To test whether AMPK and Akt signaling participate in adiponectin-stimulated endothelial differentiation and migration, HUVECs were infected with ad-dnAMPK or ad-dnAkt and evaluated in tube formation and Boyden chamber assays, respectively. Transduction with either ad-dnAMPK or ad-dnAkt suppressed adiponectin-induced endothelial tube structure formation to basal levels (Fig. 3, A and B). In contrast, VEGF-stimulated differentiation was blocked by transduction with ad-dnAkt but not by transduction with ad-dnAMPK (Fig. 3B). Transduction with ad-dnAMPK and ad-dnAkt had no effect on non-stimulated, basal tube formation (Fig. 3B). Adiponectin-stimulated endothelial migration was also significantly suppressed by transduction with either ad-dnAMPK or ad-dnAkt (Fig. 3C). In contrast, transduction with ad-dnAkt blocked VEGF-stimulated migration, whereas transduction with ad-dnAMPK had no effect (Fig. 3C). Transduction with ad-dnAMPK and ad-dnAkt had no effect on the basal migration rate (Fig. 3C). These results indicate that both AMPK and Akt signals are required for adiponectin-induced endothelial migration and differentiation, whereas only Akt signaling participates in these endothelial cell responses to VEGF.
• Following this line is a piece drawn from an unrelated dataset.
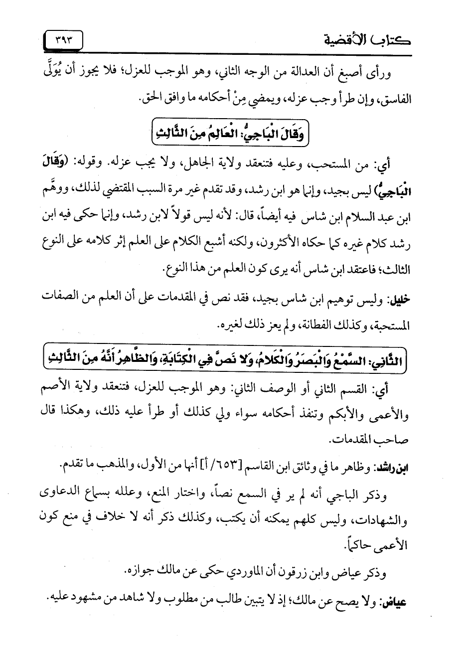 وَقَالَ الْبَاجِيُّ: الْعَالِمُ مِنَ الثَّالِثِ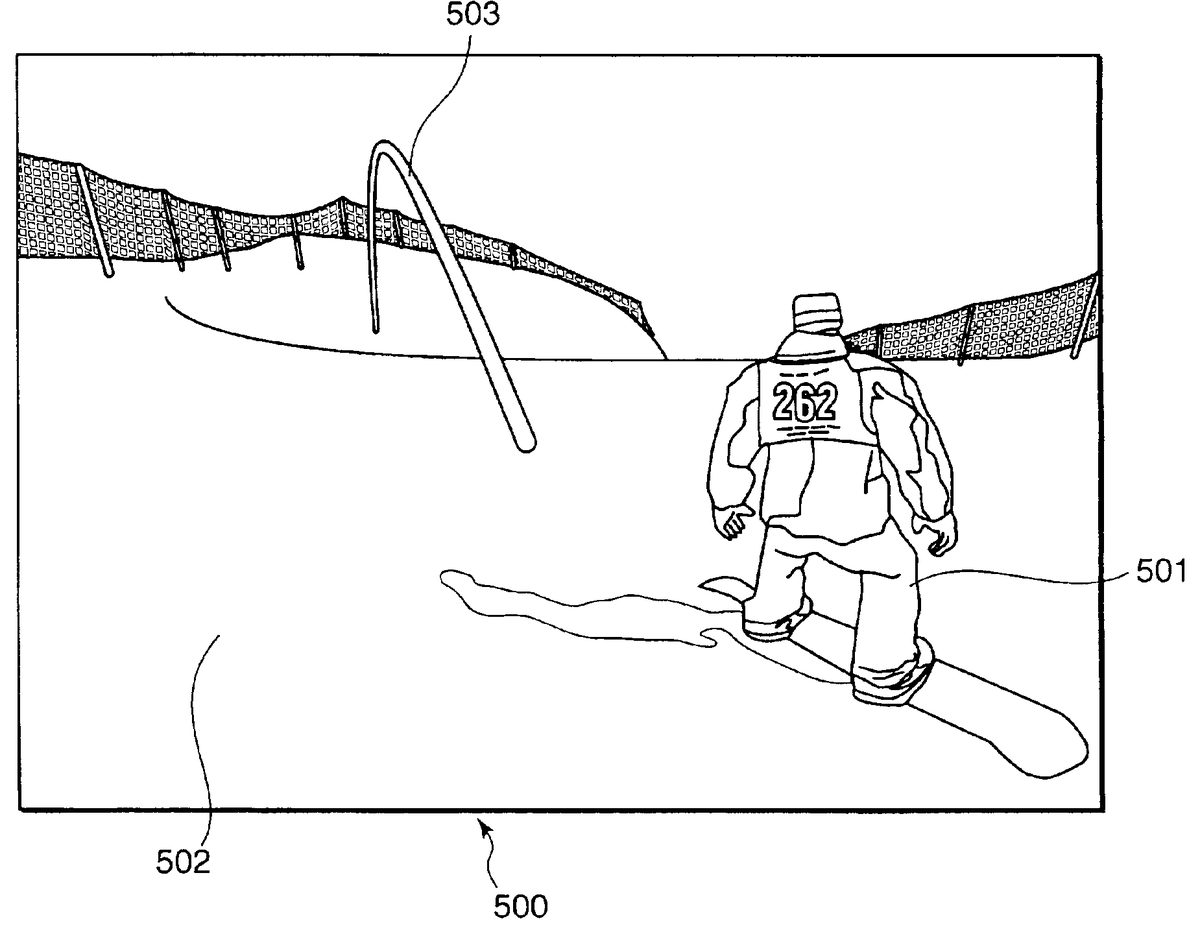 However, since, as shown inFIG. 4, rail503is narrow, the above positional alignment operation is difficult. Also, in this case, the camera viewpoint is in a position about 45° from the opposite side of the direction of advance of snowboarder501so snowboarder501is displayed on screen500in such a way as to be moving diagonally upwards in the screen; thus, the aforesaid positional alignment operation is made even more difficult.

Fig. 3. Contribution of AMPK and Akt to adiponectin-induced angiogenic cellular responses.

Fig. 3

HUVECs were transduced with an adenoviral vector expressing dn-AMPK (gray), dn-Akt (open) or green fluorescence protein (Control, solid) 24 h before the change to low-serum media. After 16 h of serum starvation, in vitro Matrigel (A and B) or modified Boyden chamber assays (C) were performed. Cells were treated with adiponectin (30 µg/ml) or BSA (30 µg/ml) (Vehicle). A, representative cultures displaying tube formation are shown. B, quantitative analysis of tube lengths. C, modified Boyden chamber assay was performed with adiponectin or VEGF as chemoattractant. Results are shown as the mean ± S.E. Results are expressed relative to control. *, p < 0.01 versus each control.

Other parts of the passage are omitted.